## [About this task]
Transcribe the listing exactly, so that nothing but the pictures is missing.

## [Supplied information]
□ □ □
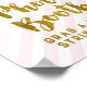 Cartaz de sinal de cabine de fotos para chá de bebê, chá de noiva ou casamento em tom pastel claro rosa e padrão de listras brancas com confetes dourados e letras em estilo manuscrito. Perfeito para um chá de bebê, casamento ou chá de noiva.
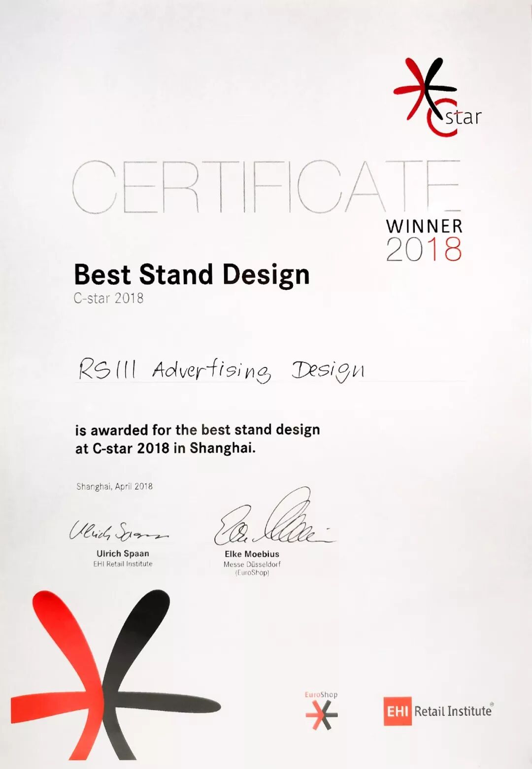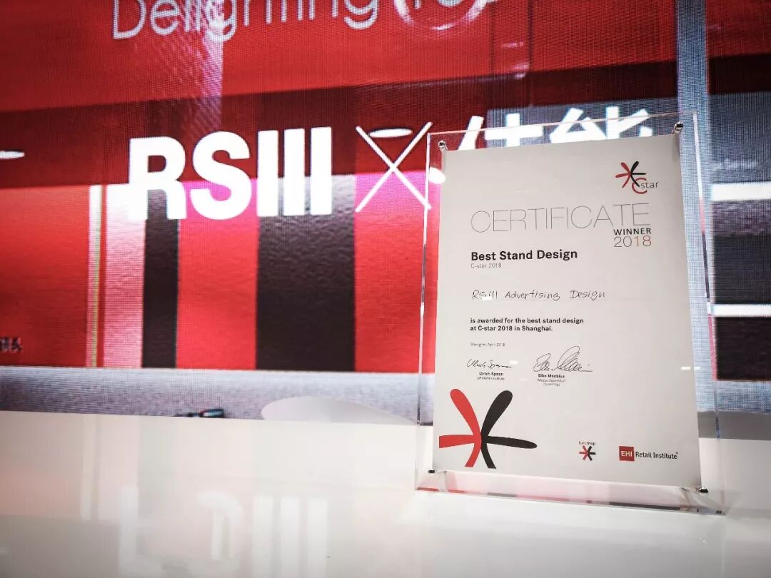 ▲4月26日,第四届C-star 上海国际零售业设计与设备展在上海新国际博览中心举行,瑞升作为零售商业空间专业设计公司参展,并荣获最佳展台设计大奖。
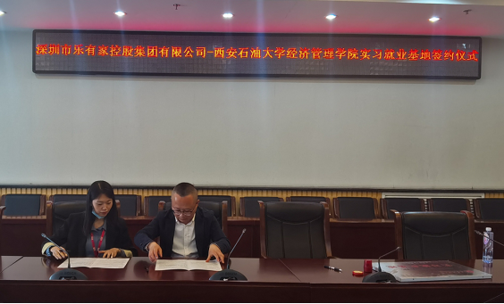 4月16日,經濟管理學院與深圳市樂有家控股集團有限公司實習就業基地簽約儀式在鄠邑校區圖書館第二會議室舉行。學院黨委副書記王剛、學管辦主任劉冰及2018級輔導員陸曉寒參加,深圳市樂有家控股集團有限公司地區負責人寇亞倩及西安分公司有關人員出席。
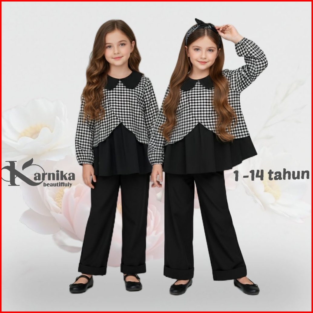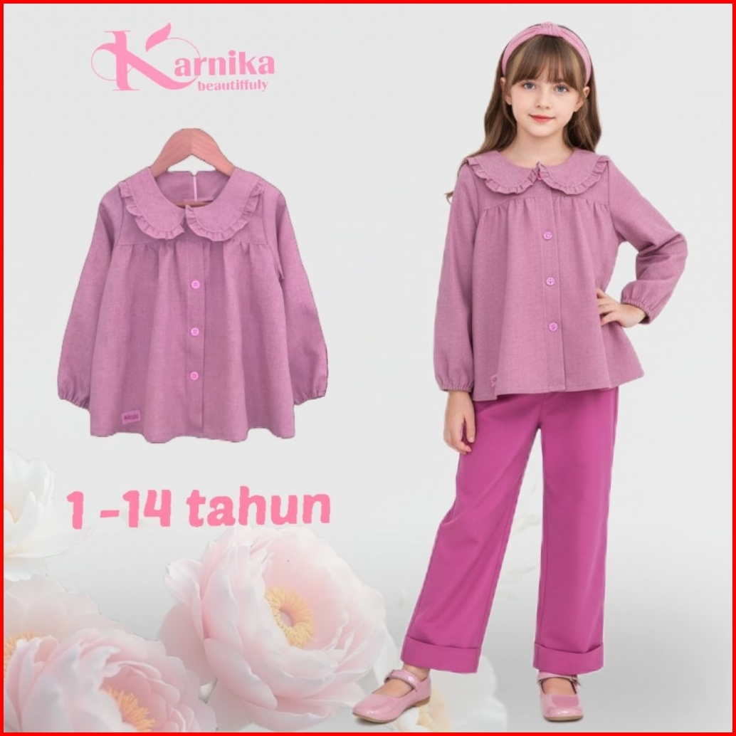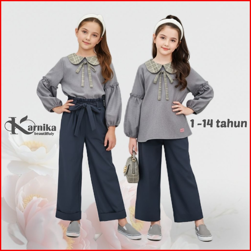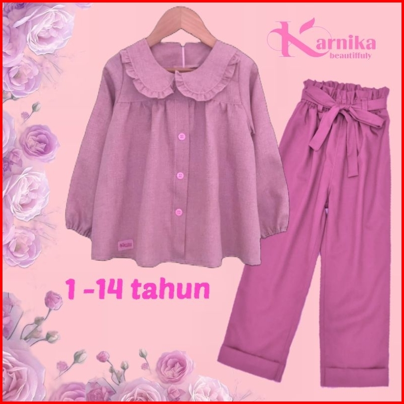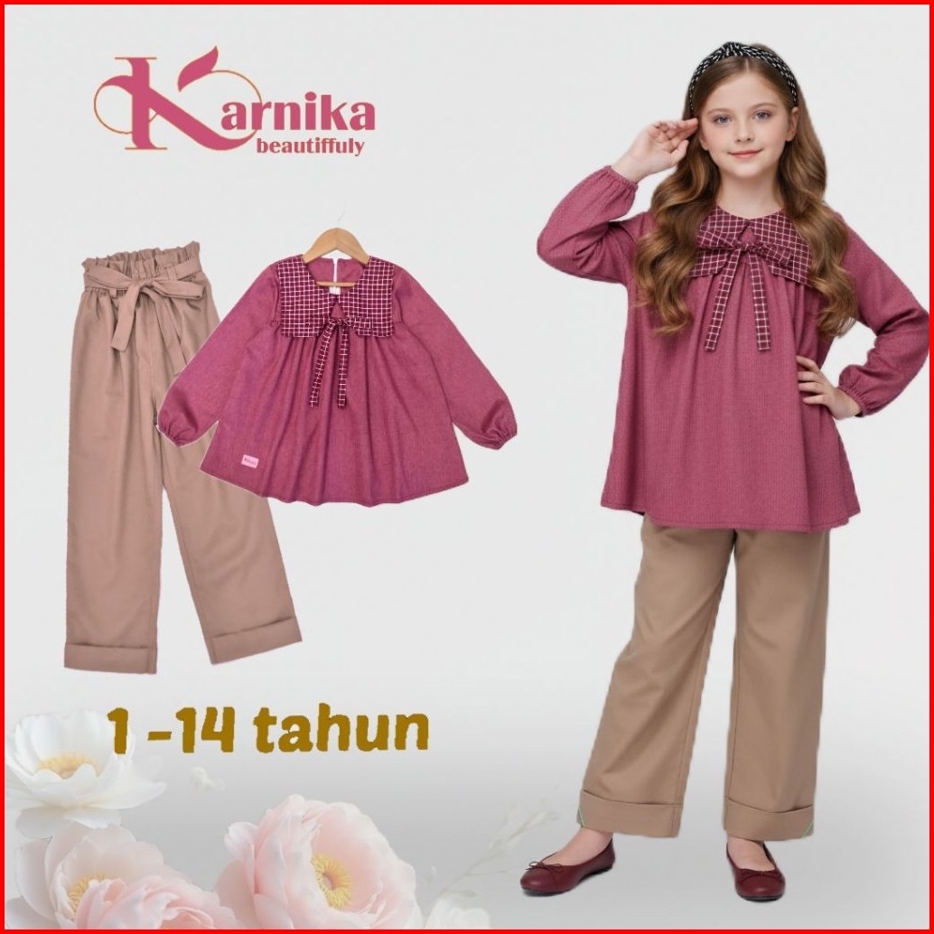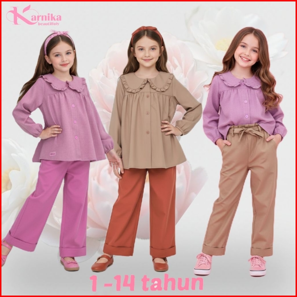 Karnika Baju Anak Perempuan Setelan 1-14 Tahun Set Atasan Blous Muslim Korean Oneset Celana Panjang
□ □ □
## [Task result]
 Cartaz de sinal de cabine de fotos para chá de bebê, chá de noiva ou casamento em tom pastel claro rosa e padrão de listras brancas com confetes dourados e letras em estilo manuscrito. Perfeito para um chá de bebê, casamento ou chá de noiva.
 ▲4月26日,第四届C-star 上海国际零售业设计与设备展在上海新国际博览中心举行,瑞升作为零售商业空间专业设计公司参展,并荣获最佳展台设计大奖。
 4月16日,經濟管理學院與深圳市樂有家控股集團有限公司實習就業基地簽約儀式在鄠邑校區圖書館第二會議室舉行。學院黨委副書記王剛、學管辦主任劉冰及2018級輔導員陸曉寒參加,深圳市樂有家控股集團有限公司地區負責人寇亞倩及西安分公司有關人員出席。
 Karnika Baju Anak Perempuan Setelan 1-14 Tahun Set Atasan Blous Muslim Korean Oneset Celana Panjang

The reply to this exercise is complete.